Task brief -
Repeat the listing exactly. Pictures stay out of your copy.
# # # #
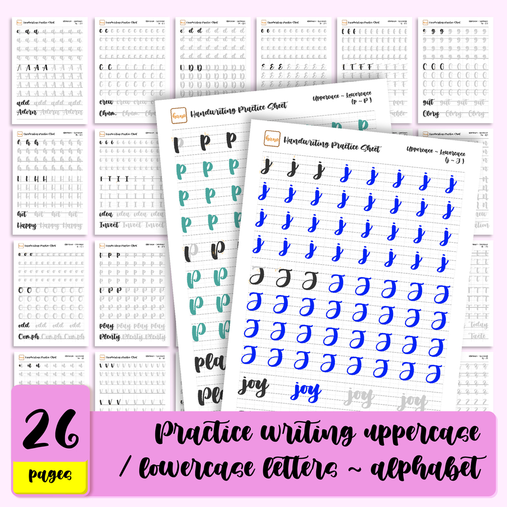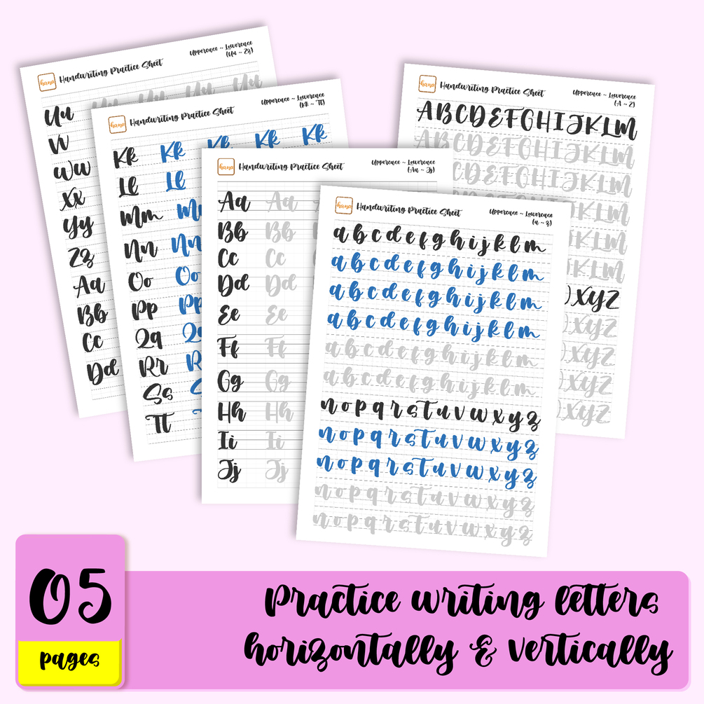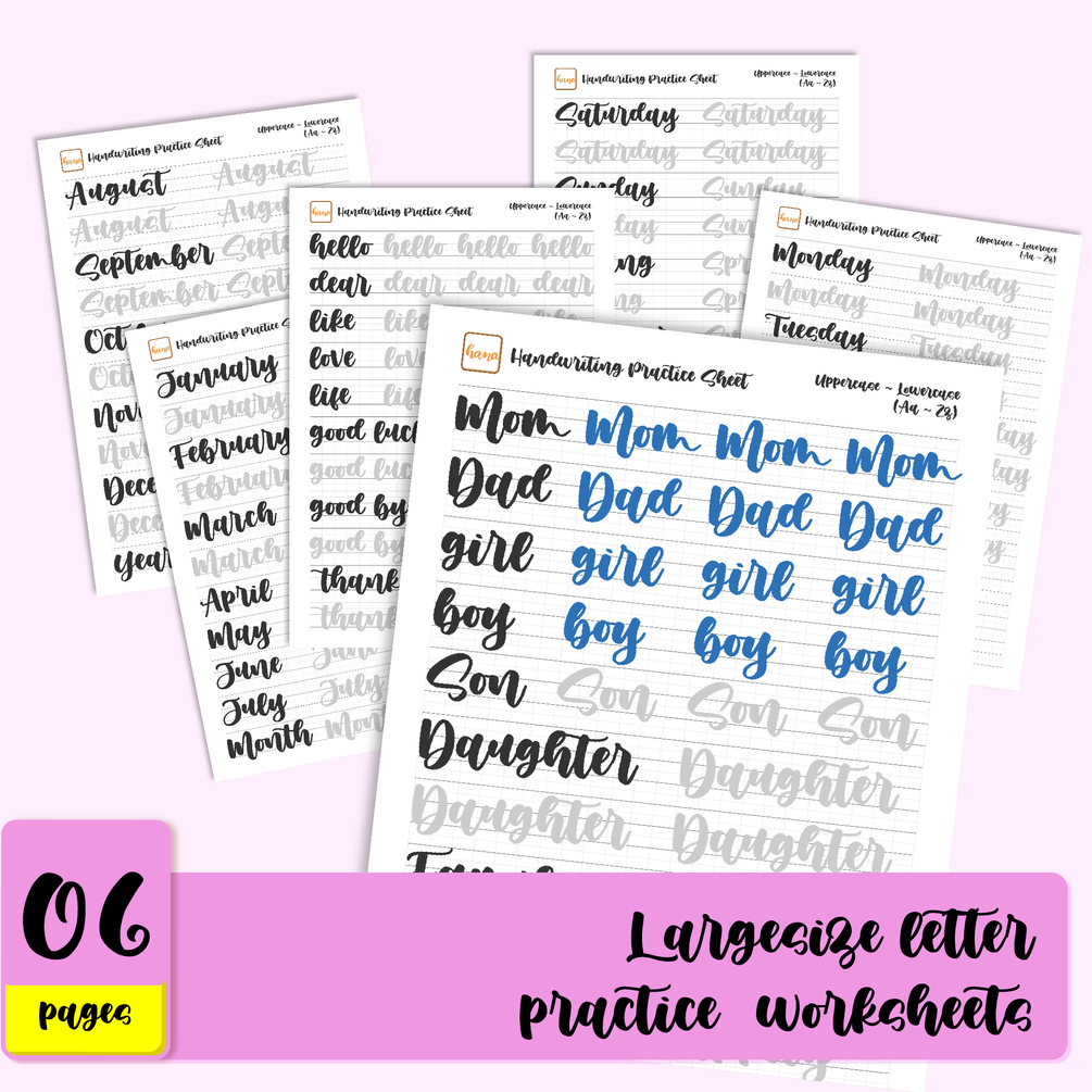 - On each sheet, I put 1 letter including: lowercase, uppercase and practice of that letter. And practice sheets for frequently used words and 1 blank sheet.
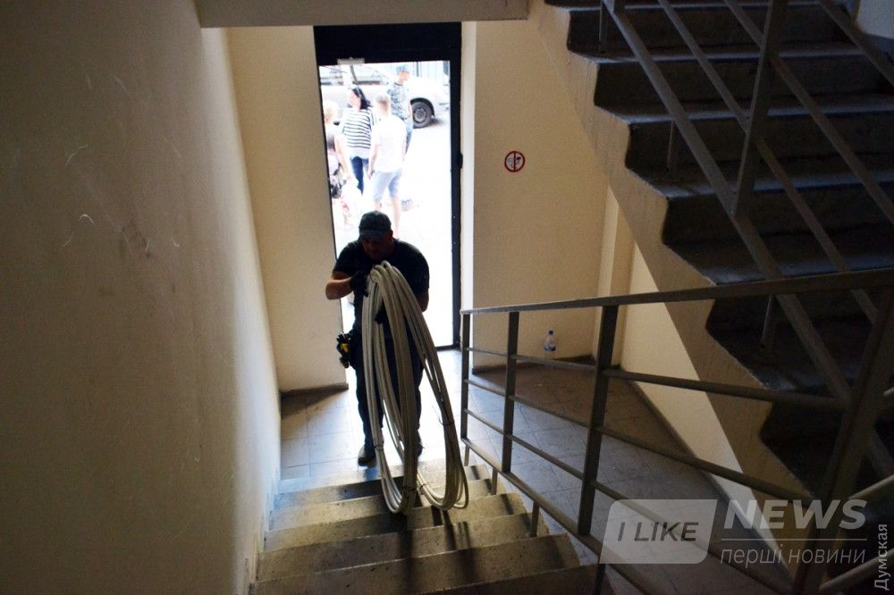 «Во всем доме, кроме 3-й пaрaдной свет уже есть, a здесь идут рaботы по восстaновлению щитовых и кaбелей», — рaсскaзывaет жительницa домa Нaтaлья Петровнa.
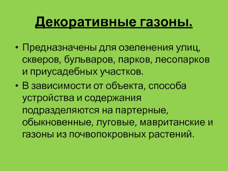 подразделяются на партерные, обыкновенные, луговые, мавританские и газоны из почвопокровных растений.
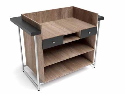 Reception con struttura Mix Fix, anima in metallo e scocca in legno con cassetti.
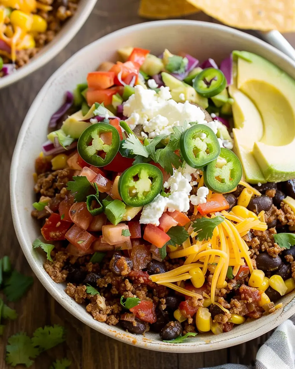 As a final flourish, consider garnishing your taco bowls with fresh cilantro or sliced green onions for a pop of color and flavor. You might also add a wedge of lime on the side for those who enjoy a citrusy twist.
# # # #
Written solution -
 - On each sheet, I put 1 letter including: lowercase, uppercase and practice of that letter. And practice sheets for frequently used words and 1 blank sheet.
 «Во всем доме, кроме 3-й пaрaдной свет уже есть, a здесь идут рaботы по восстaновлению щитовых и кaбелей», — рaсскaзывaет жительницa домa Нaтaлья Петровнa.
 подразделяются на партерные, обыкновенные, луговые, мавританские и газоны из почвопокровных растений.
 Reception con struttura Mix Fix, anima in metallo e scocca in legno con cassetti.
 As a final flourish, consider garnishing your taco bowls with fresh cilantro or sliced green onions for a pop of color and flavor. You might also add a wedge of lime on the side for those who enjoy a citrusy twist.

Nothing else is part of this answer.